DeKalb Fire Chief Darnell Fullum said at the Oct. 4 meeting that AP Triton plans to meet with all of DeKalb’s municipalities on Oct. 18 to gather their input to be included in the new RFP.
“We know there needs to be a new contract,” Fullum said.
Fullum said the new contract would include standard response times for calls that require a paramedic with an advanced skill set, and “tiered” response times for calls that are not life-threatening.
Dunwoody officials were angered at the subcommittee’s meeting last month when an AP Triton representative said response times were not that important in determining patient outcome. All members of the subcommittee came out to say response times do matter, as did Fullum.
“We know responding quickly is important. But we also know the public trusts we will be there,” Fullum said. “Response time are an important part of any system.”
DeKalb Fire currently sends a fire engine and ambulance to a majority of 911 calls, Fullum said. “Response times have to be a part of [the contract], but with non-life-threatening calls where the response time can be a little longer will be appropriate as well,” he said.
Another provision in the new contract will likely include allowing cities to pay extra to “enhance” their EMS services, Fullum said.
“That has to be part of the agreement,” he said. “Right now, the AMR contract is silent on that … and this will be clearly defined in the new agreement.”
Sandy Springs, which has its own fire department, also contracts with AMR for ambulance services and considered this year paying $650,000 for two new ambulances in the city.
With AMR’s contract with DeKalb County expiring on Dec. 31 and an RFP not slated to be finished until early next year, the county will likely have to extend its contract with AMR. For how long remains unknown.
County attorney Viviane Ernstes told the subcommittee the county is in the beginning stages of the RFP process, including negotiations with AMR or other providers.
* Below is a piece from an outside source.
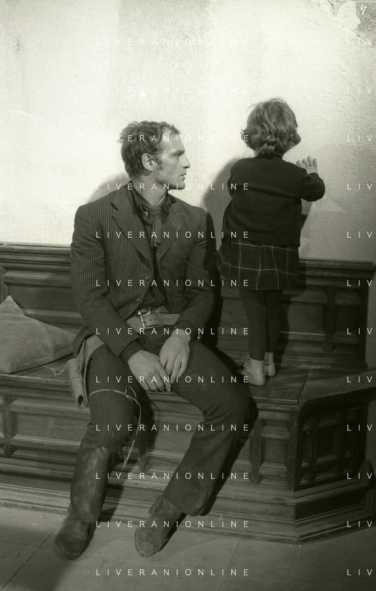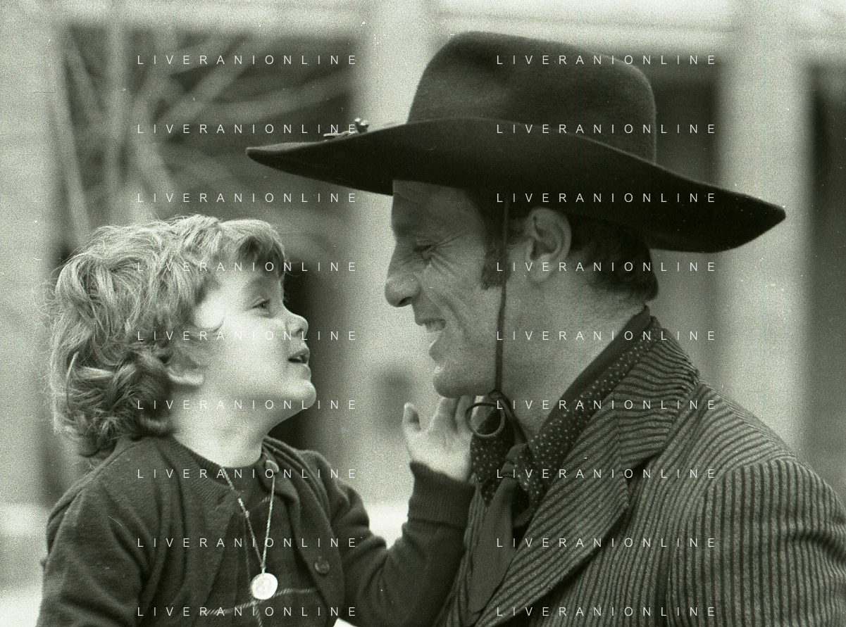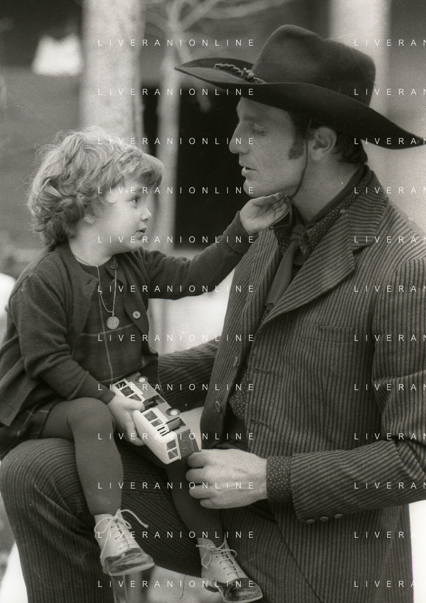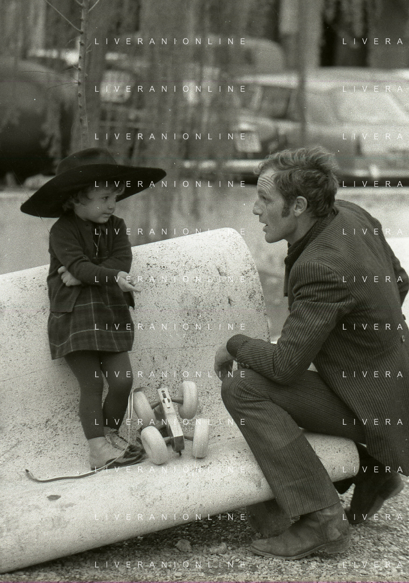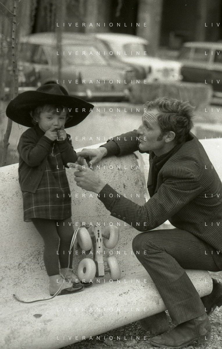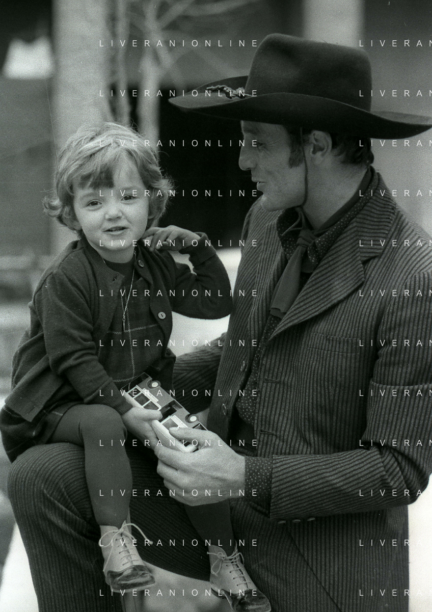 RETROSPETTIVA PHILIPPE LEROY ATTORE NELLA FOTO PHILIPPE LEROY CON LA FIGLIA PHILIPPINE SUL SET DEL FILM “YANKEE“ A ROMA NELL'ANNO 1967 AG ALDO LIVERANI SAS

But she said the Oct. 18 meeting with the cities is crucial to finalizing a contract to be put out to bid.
“The meeting with the cities will have to happen first,” she said.
Dunwoody Mayor Denis Shortal addressed the subcommittee at the close of the meeting reiterated the city’s position that the concern over EMS service in the city is not a new one and has been raised to county officials for several years.
He asked for but did not receive a definite timeline for when the two new ambulances would be stationed in the city, other than the knowledge that question would be raised at the full Region 3 EMS council meeting on Nov. 8.
“The situation has been allowed to go on,” Shortal said. “It’s time to correct it.”
In an interview after the meeting, Dunwoody City Councilmember Terry Nall, who has led the city’s effort in seeking its own EMS zone, said having three ambulances stationed in Dunwoody gets the city back to where it was in 2013, before DeKalb contracted out its ambulance service to AMR.
He was not impressed with the county’s recommendation that city’s pay extra for enhanced EMS service.
“They should not be asking cities to pay extra just to have a recognized national standard on response times,” he said.
“We all pay taxes to Dekalb and we insist, we demand, we expect higher levels of service from the ambulance service,” he said.
DeKalb County Commissioner Nancy Jester attended the meeting and in an interview she said the contract between DeKalb and AMR is “substandard” and predates her as well as many other commissioners and city administrators.
“Nobody on the commission is happy with the current contract,” she said. The new contract will have “bells and whistles,” she said, including a provision to allow cities to pay for an “upgrade” in EMS services.
“We’re going in the right direction and I feel very optimistic,” she said.